**Data section**
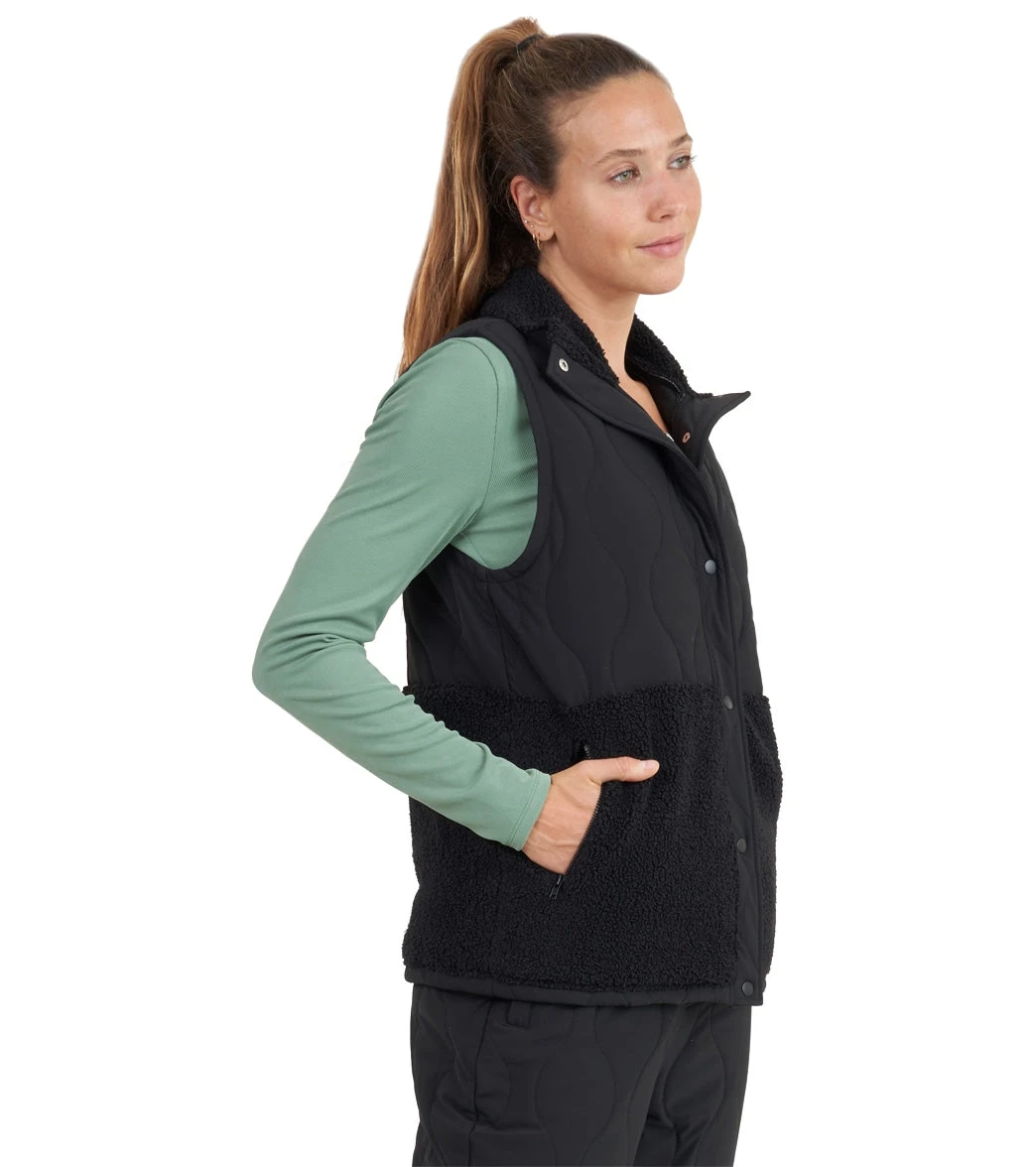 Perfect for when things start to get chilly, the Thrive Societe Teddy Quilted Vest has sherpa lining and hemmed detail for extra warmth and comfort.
---
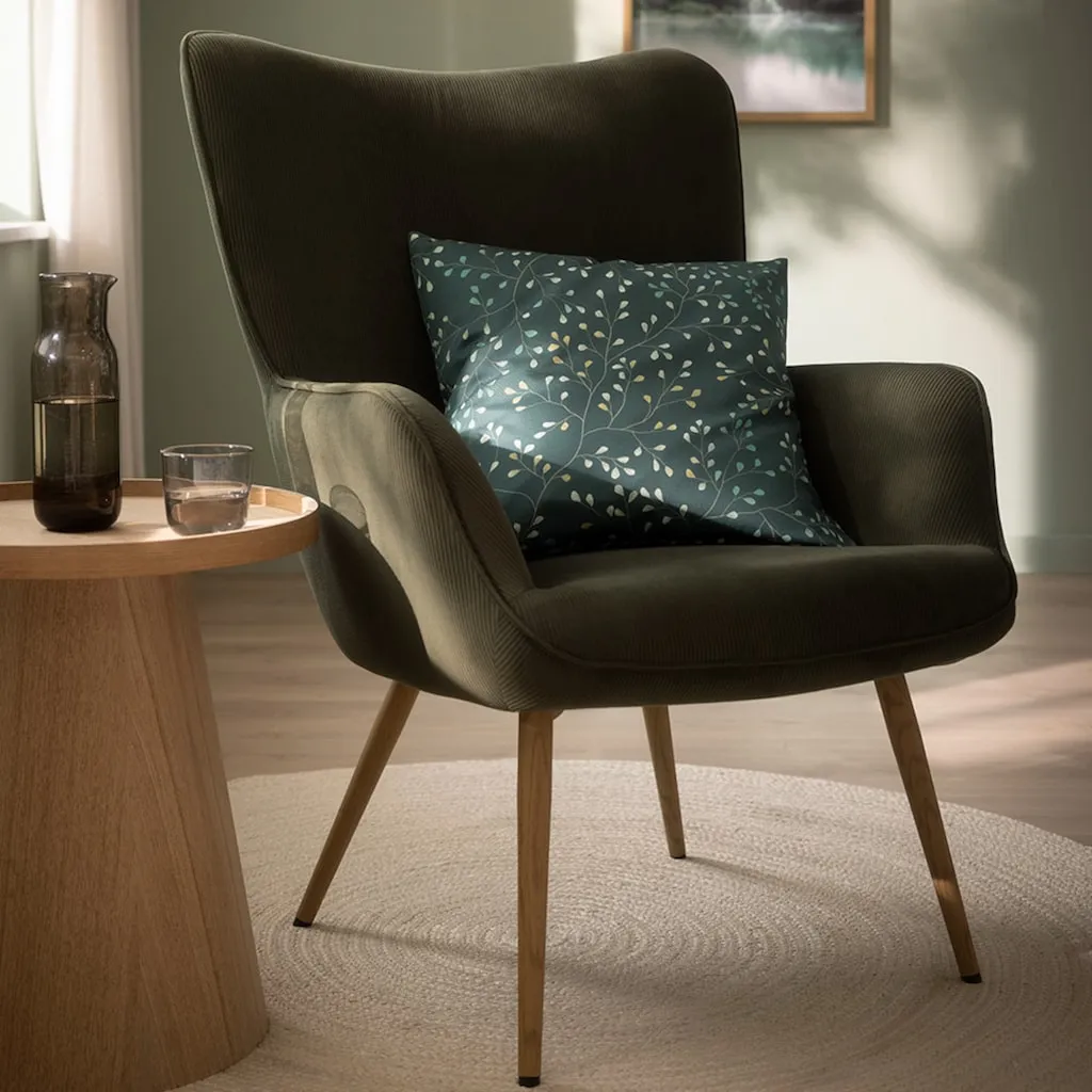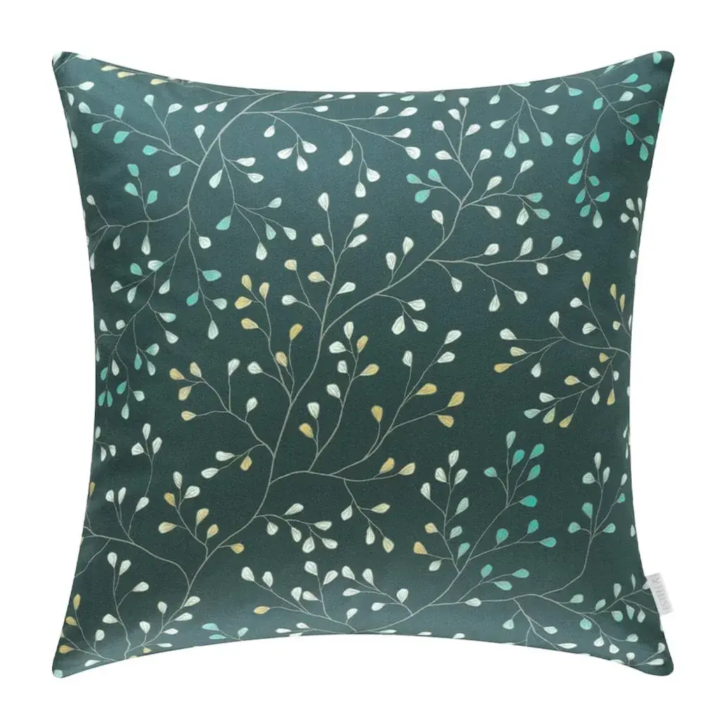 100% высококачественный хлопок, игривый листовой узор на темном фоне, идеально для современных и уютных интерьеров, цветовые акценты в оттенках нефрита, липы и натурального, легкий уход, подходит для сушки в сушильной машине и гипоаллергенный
--
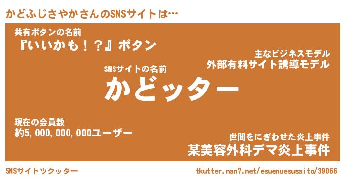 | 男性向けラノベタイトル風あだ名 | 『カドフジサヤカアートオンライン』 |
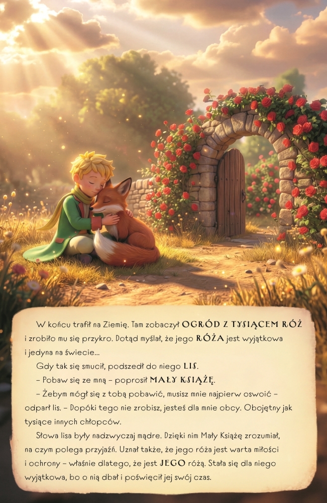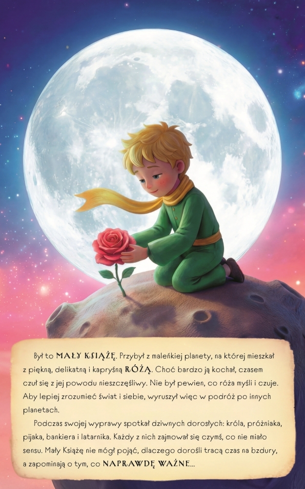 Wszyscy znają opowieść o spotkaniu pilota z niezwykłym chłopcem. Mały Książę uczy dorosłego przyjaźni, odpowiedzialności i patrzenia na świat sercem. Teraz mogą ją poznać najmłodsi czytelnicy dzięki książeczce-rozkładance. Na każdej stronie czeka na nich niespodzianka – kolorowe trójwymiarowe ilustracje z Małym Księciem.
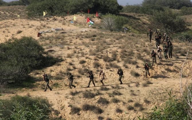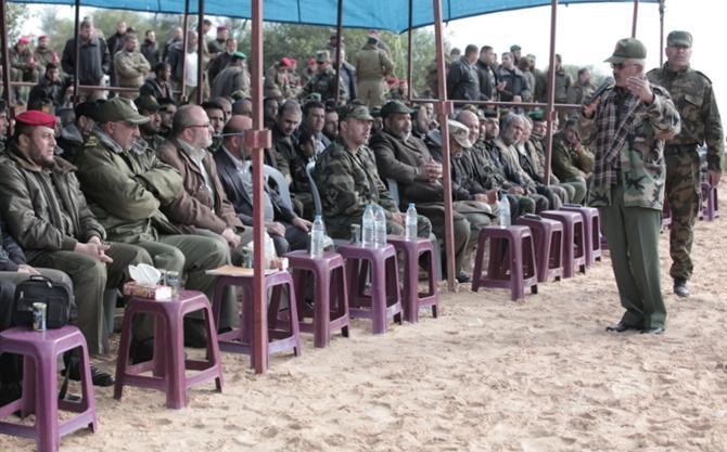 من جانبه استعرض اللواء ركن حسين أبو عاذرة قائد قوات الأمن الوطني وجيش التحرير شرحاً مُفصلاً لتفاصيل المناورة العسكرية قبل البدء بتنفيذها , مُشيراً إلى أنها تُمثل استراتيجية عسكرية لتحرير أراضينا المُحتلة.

**Task to complete**
Leaving every picture aside, reproduce exactly the lines above from the one with "男性向けラノベタイトル風あだ名 | 『カドフジサヤカアートオンライン』 |" up to and including the one with "من جانبه استعرض", and no others.

**Exercise result**
 | 男性向けラノベタイトル風あだ名 | 『カドフジサヤカアートオンライン』 |
 Wszyscy znają opowieść o spotkaniu pilota z niezwykłym chłopcem. Mały Książę uczy dorosłego przyjaźni, odpowiedzialności i patrzenia na świat sercem. Teraz mogą ją poznać najmłodsi czytelnicy dzięki książeczce-rozkładance. Na każdej stronie czeka na nich niespodzianka – kolorowe trójwymiarowe ilustracje z Małym Księciem.
 من جانبه استعرض اللواء ركن حسين أبو عاذرة قائد قوات الأمن الوطني وجيش التحرير شرحاً مُفصلاً لتفاصيل المناورة العسكرية قبل البدء بتنفيذها , مُشيراً إلى أنها تُمثل استراتيجية عسكرية لتحرير أراضينا المُحتلة.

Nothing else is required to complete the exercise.